A  short story about nothing
By Neil Beynon

It begins on a street.

I do not know why.

Indeed I have no idea where this is going except that the street is wet from the rain and cold from the wind and in front of me someone lies bleeding. The whole thing has an air of not being real until their hand grabs my ankle then I can feel their stickiness seeping through my sock. There is someone bleeding at my feet, dying perhaps and all I am doing is standing here. My brain slips into gear.

I bend down to get a closer look at the stranger. He is bearded and familiar although I cannot place him. Perhaps I have seen him in the coffee shop or possibly at the station? He murmurs something but I cannot understand him. The blood is coming from his chest, he appears to have been stabbed but by what I’m not sure and I am reluctant to pull his other hand – the one not holding my ankle – from the wound. He is pale, skin the colour of gone off milk, and his breath is coming in long wet gasps that suggest the tearing of something important. He is not in a good way.

I look up to call for help but the street is a wasteland: no one emerging from the office behind me, no one ambling down the street and no one looking up from the main road. Not even the rubbish, travelling on the gusts, is willing to stop for me. I cannot find my mobile. I must have left it in the office. Typical. And so I call for help. Shout, actually. Yet no one comes. I am concerned now.

The man is still breathing when I help him to his feet and thank god he isn’t bigger than me, I never realised how heavy a person can be when they’re a dead weight. And that’s when I feel his wallet.
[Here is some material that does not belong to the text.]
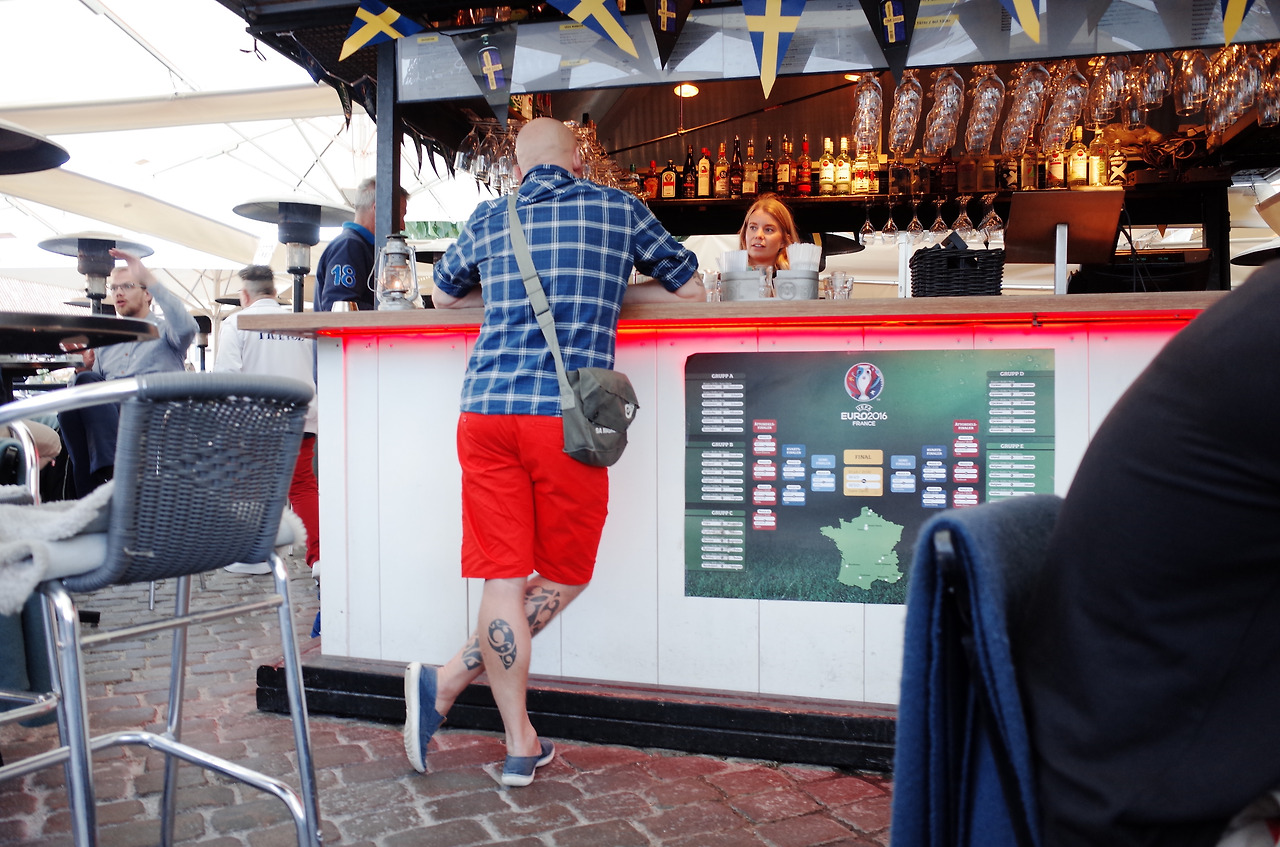 짐을 풀고 다시 나선 말뫼의 풍경은 노란색으로 칠해진 조그마한 번화가, 음식점이 모여있던 광장으로 기억에 남는다. 신발 가게의 부츠 간판이 정겨운 느낌을 주었다. 광장에 있는 대부분의 레스토랑이 야외에 테이블을 놓고 사람들을 기다리고 있었다. 저녁시간이 되자 하나 둘 테이블이 채워지기 시작했다. 유로2016의 준결승전을 시청하는 사람들로 여기저기 가득한 사람들이 경기 중계에 환호하기도, 야유하기도 했다.

Propped up against the wall as I try to help the man onto Oxford Street where we can catch a cab. It’s in his inside pocket and so full at first I think he’s armed and I’ve stumbled into a gang fight but this man doesn’t look like a gangster. Not that I know what a gangster looks like.
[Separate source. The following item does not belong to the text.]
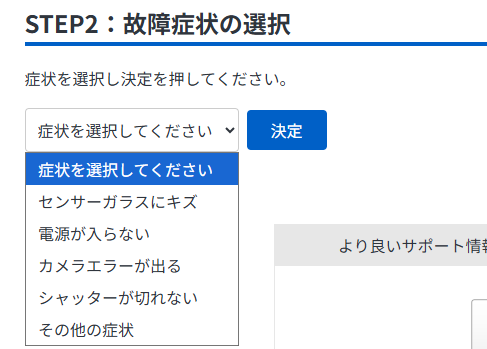 プルダウンメニューに「カメラエラー」とあるので、一般的な症状なのかもしれません。

In any case, he is barely conscious and there is no one else around. I glance briefly back at my office block but I know I am the last to leave just as well as I know my own wallet is empty. There would be no one to know.

I pull the wallet out and sure enough it is stuffed with cash. Fumbling, I stuff it into my own inside pocket, ignoring the blood it leaves on my top and leave the man propped up against an alleyway wall. His breathing is shallow now and he no longer looks at me or holds onto me. He really does look familiar but a momentary glimpse of guilt is lost in the feel of the money in my pocket. I am struck by the sense I should feel something and I don’t – in fact I feel nothing. It won’t be long now.

I walk away. I pause at the corner of the street just long enough to check in the reflection of a shop window if I still have blood on my chest but the worst of it is gone. I muse that I should shave again because my beard is looking as untidy as that poor bastard’s. Then I’m on my way again, no one paying me any attention, nothing out of the ordinary, and I’d be whistling if it wasn’t for the twinge in my chest.